Il est évident que l'apprenant ne peut définir l'autre que par
rapport à soi, dans une relation d'identification-différenciation,
il est donc hors de question de songer à évacuer l'identité
du même. Impossible également de supprimer les représentations,
inhérentes à l'activité langagière. Il est alors
nécessaire de les prendre en compte en tant que telles, tout en incitant
l'apprenant à une attitude réflexive sur ses propres pratiques.
C'est ce que l'auteure elle-même a cherché à faire lors
de l'élaboration d'un manuel de FLE au Nigéria.
Il paraît difficile de révolutionner le contrat de parole de l'auteur
de manuel, qui l'obligeant à tendre vers une objectivité extralinguistique
le met en situation délicate. On peut cependant imaginer que le fait
d'assumer sa subjectivité est préférable aux procédés
de masquage qui véhiculent d'autant mieux les stéréotypes.
Dans tous les cas, une sensibilisation des apprenants tant aux stéréotypes
qu'à la subjectivité et à la hiérarchisation des
différentes instances énonciatives est préconisée.

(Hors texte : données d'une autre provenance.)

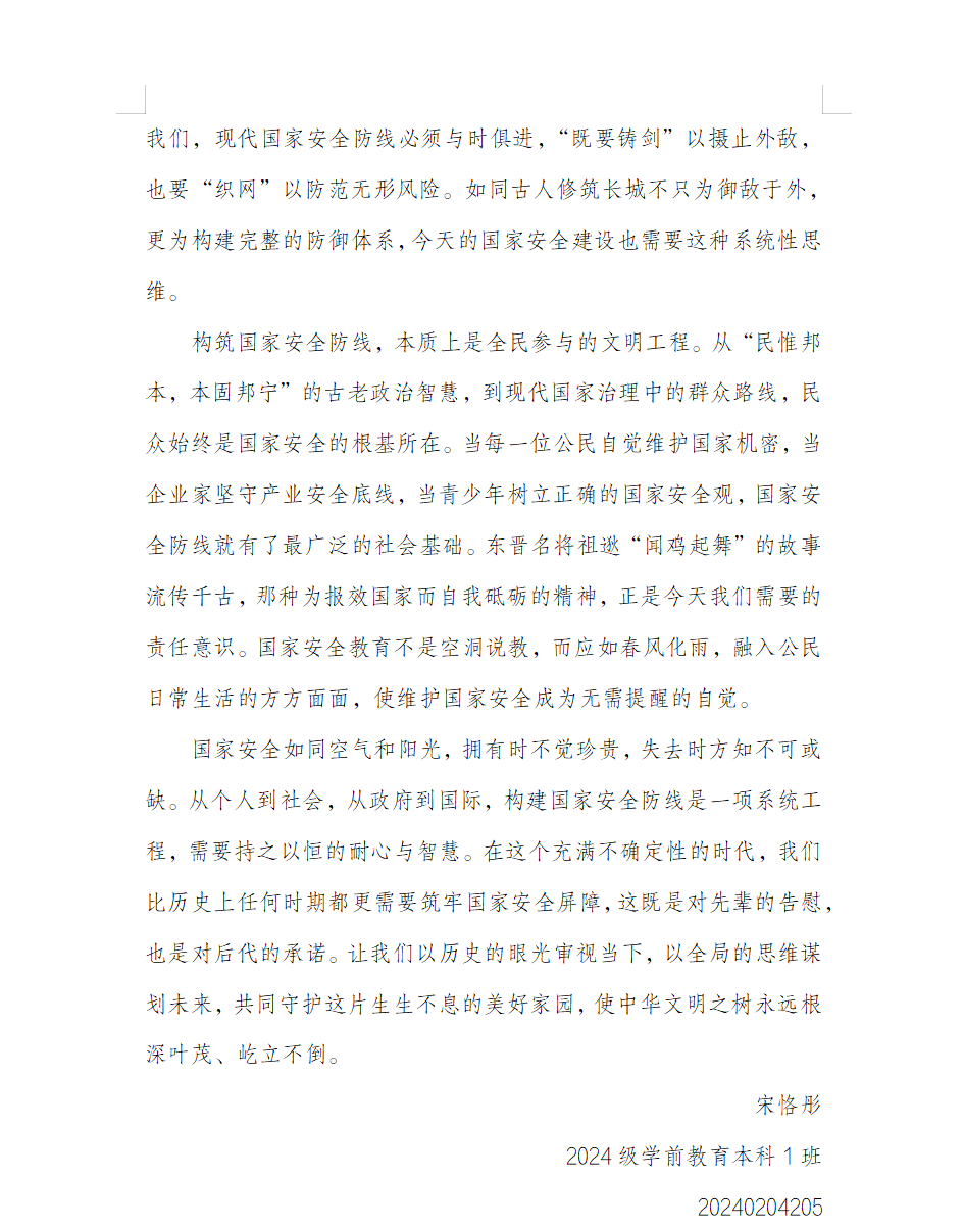 2024级学前教育本科1班 宋恪彤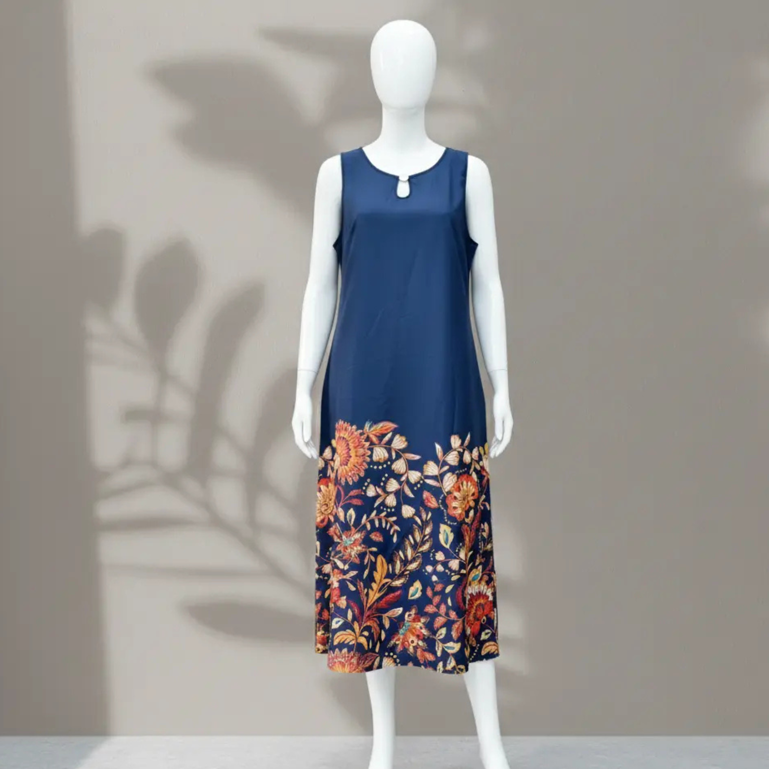 This Navy Blue Floral Border Maxi Dress is a sophisticated addition to your collection. With its elegant sleeveless silhouette and striking orange floral border, it’s a perfect blend of modern style and functional comfort. Since it features a functional keyhole neckline with a front button, it provides convenient access, making it another fantastic feeding-friendly option for your boutique.

Décentration de l'apprenant, contextualisation des données, relativisation
sont des techniques reconnues. Il faut cependant signaler qu'elles ne s'adressent
qu'aux apprenants de niveaux avancés, si l'on se situe dans l'optique
de l'utilisateur de manuel. Il resterait un point à étudier, simplement
esquissé par le présent ouvrage : l'ouverture de l'identité
du français de France à celles de la francophonie, dont la diversité
et la richesse multiplient les opportunités de points de vue et de croisements...
Un véritable défi pour l'évolution des représentations
!
Cette esquisse de chemins didactiques ancre finalement le travail de Nathalie
Auger dans une optique didactologique, qui a depuis trouvé à se
réaliser dans des outils pédagogiques, tel le DVD Comparons nos
langues, mise en oeuvre de ce noble objectif : développer une plus grande
conscience de soi et des autres.
Bibliographie
BYRAM M., ZARATE G., 1993, Représentations de l'étranger et didactique
des langues, Paris, Didier, collection Crédif-Essais.